=== Assignment ===
Pictures stay out of the copy. Repeat exactly the lines from the first entry below through the line that contains "型中进行 计 算 分 析, 各", and nothing beyond.

=== Data for processing ===
----
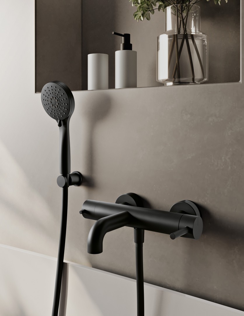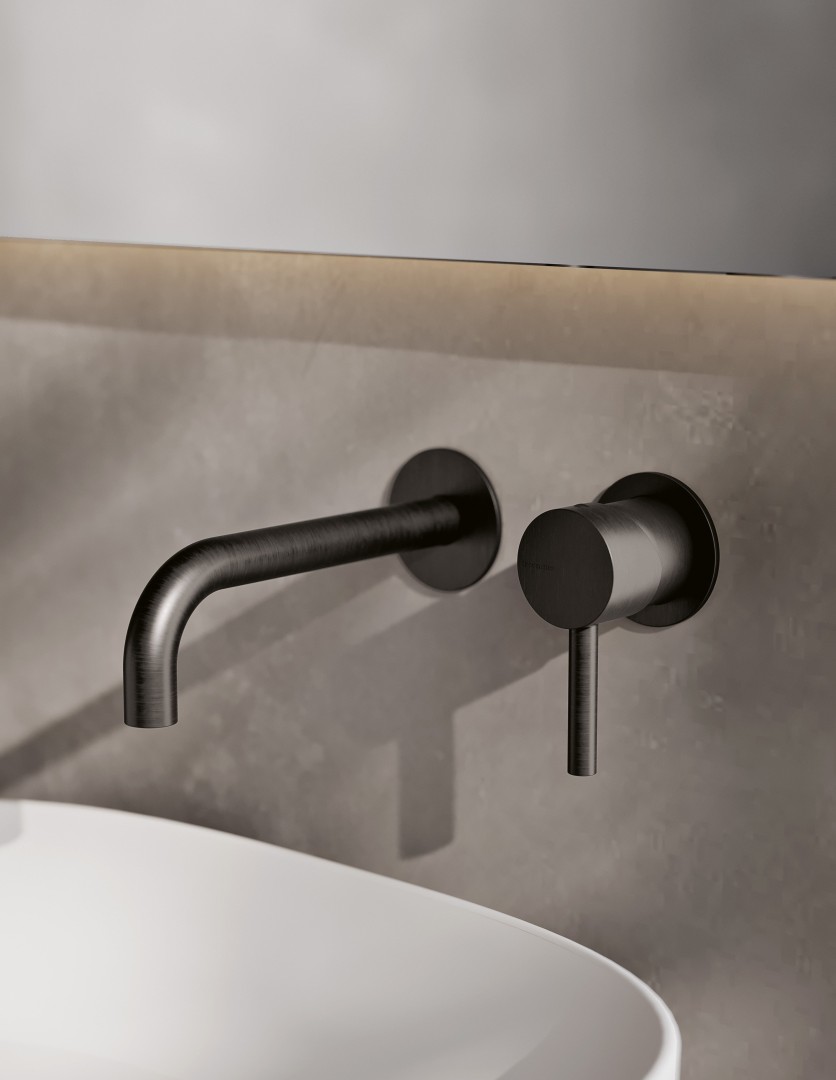 Fabricada íntegramente en Italia, la colección ofrece soluciones para lavabos, bidés, duchas y bañeras, garantizando la máxima coherencia estética. Footprint está realizada en latón y disponible en acabados cromo, negro mate, blanco mate, níquel cepillado y gunmetal.
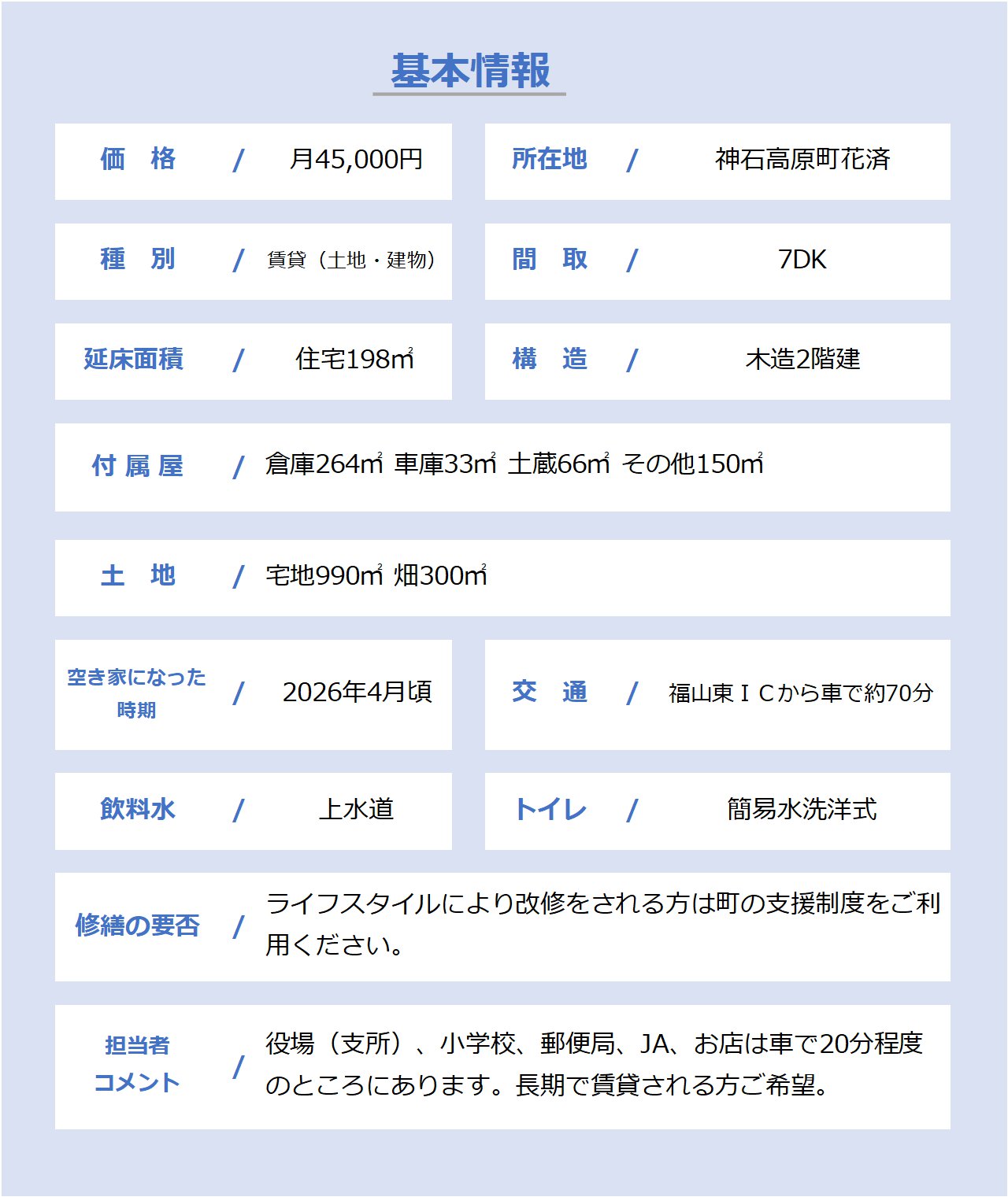 【所在地】広島県神石郡神石高原町花済 【種別】賃貸(土地及び建物)
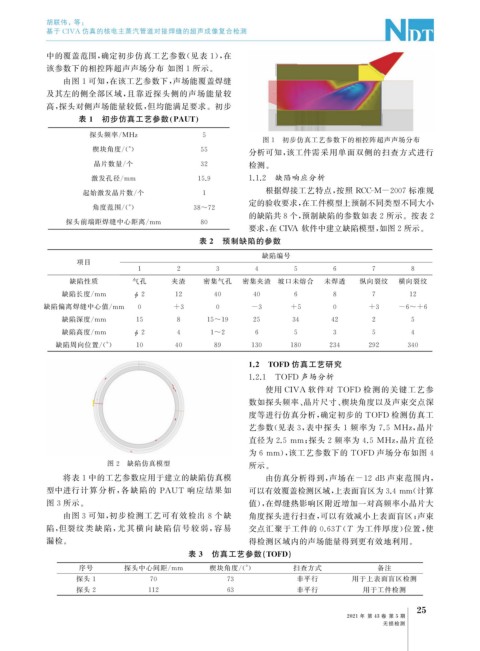 型中进行 计 算 分 析, 各 缺 陷 的 PAUT 响 应 结 果 如 可以有效覆盖检测区域, 上表面盲区为3.4mm ( 计算
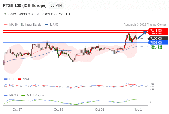 RSI技术指标超过50。 MACD技术指标处在其信号线之上 看多。 此外,价位处在其20个时期及50个时期移动平均线上方 ( 当前是 7090.80 和 7071.22 )。
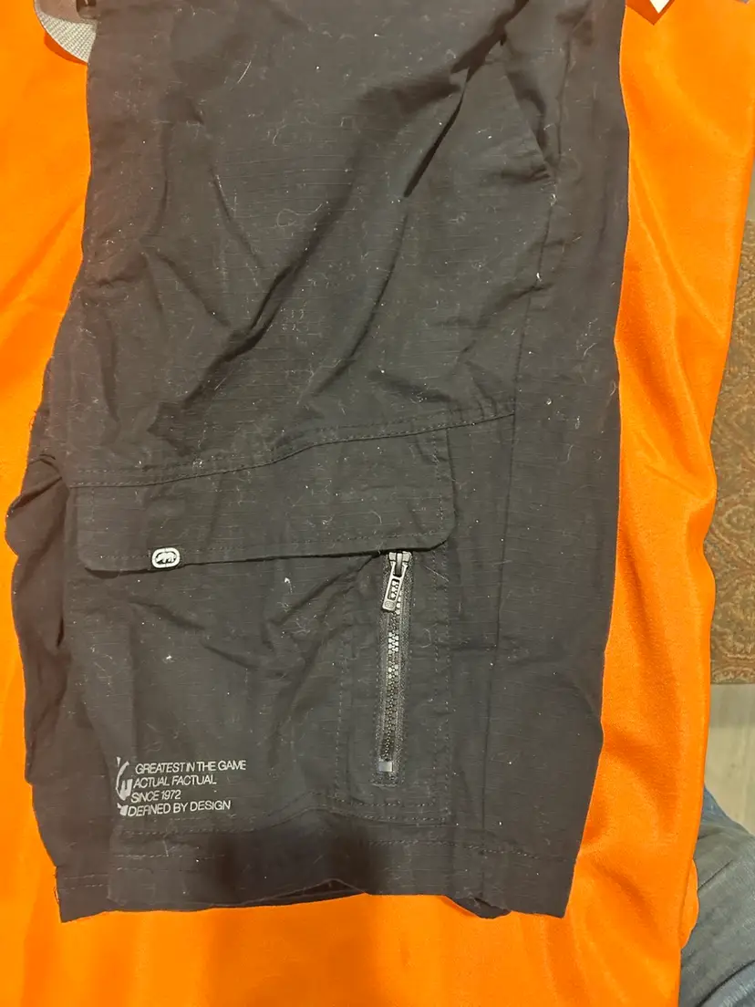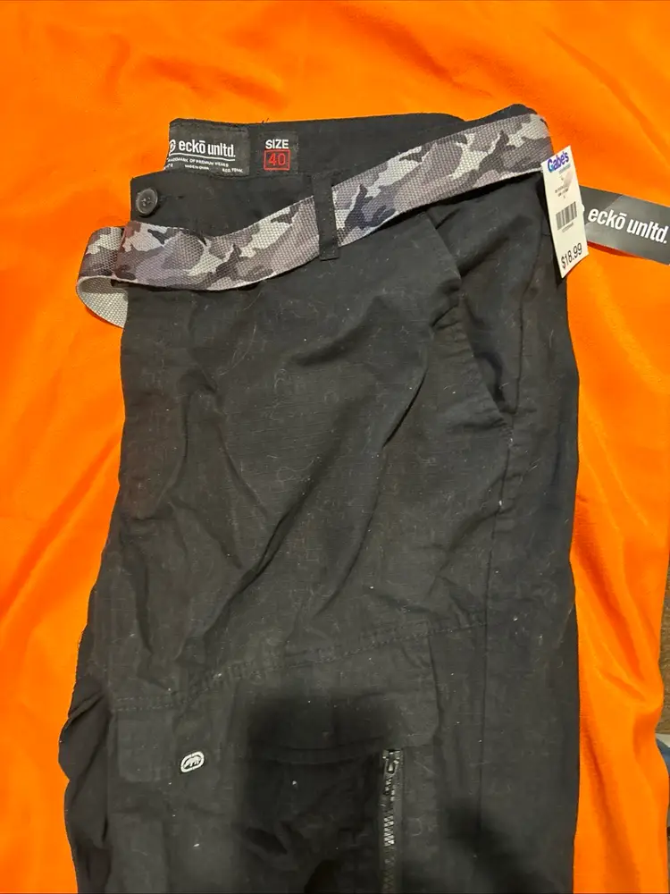 The Ecko Unltd Shorts for men in size 40 are perfect for outdoor activities with their black cargo style and belted ripstop pockets. Made from lightweight nylon material, these shorts are breathable and ideal for travel or casual occasions. The solid dark fabric wash adds a stylish touch to these versatile shorts, making them a great addition to your wardrobe for a hip-hop influenced outdoor look.
----
=== Output of the exercise ===
 Fabricada íntegramente en Italia, la colección ofrece soluciones para lavabos, bidés, duchas y bañeras, garantizando la máxima coherencia estética. Footprint está realizada en latón y disponible en acabados cromo, negro mate, blanco mate, níquel cepillado y gunmetal.
 【所在地】広島県神石郡神石高原町花済 【種別】賃貸(土地及び建物)
 型中进行 计 算 分 析, 各 缺 陷 的 PAUT 响 应 结 果 如 可以有效覆盖检测区域, 上表面盲区为3.4mm ( 计算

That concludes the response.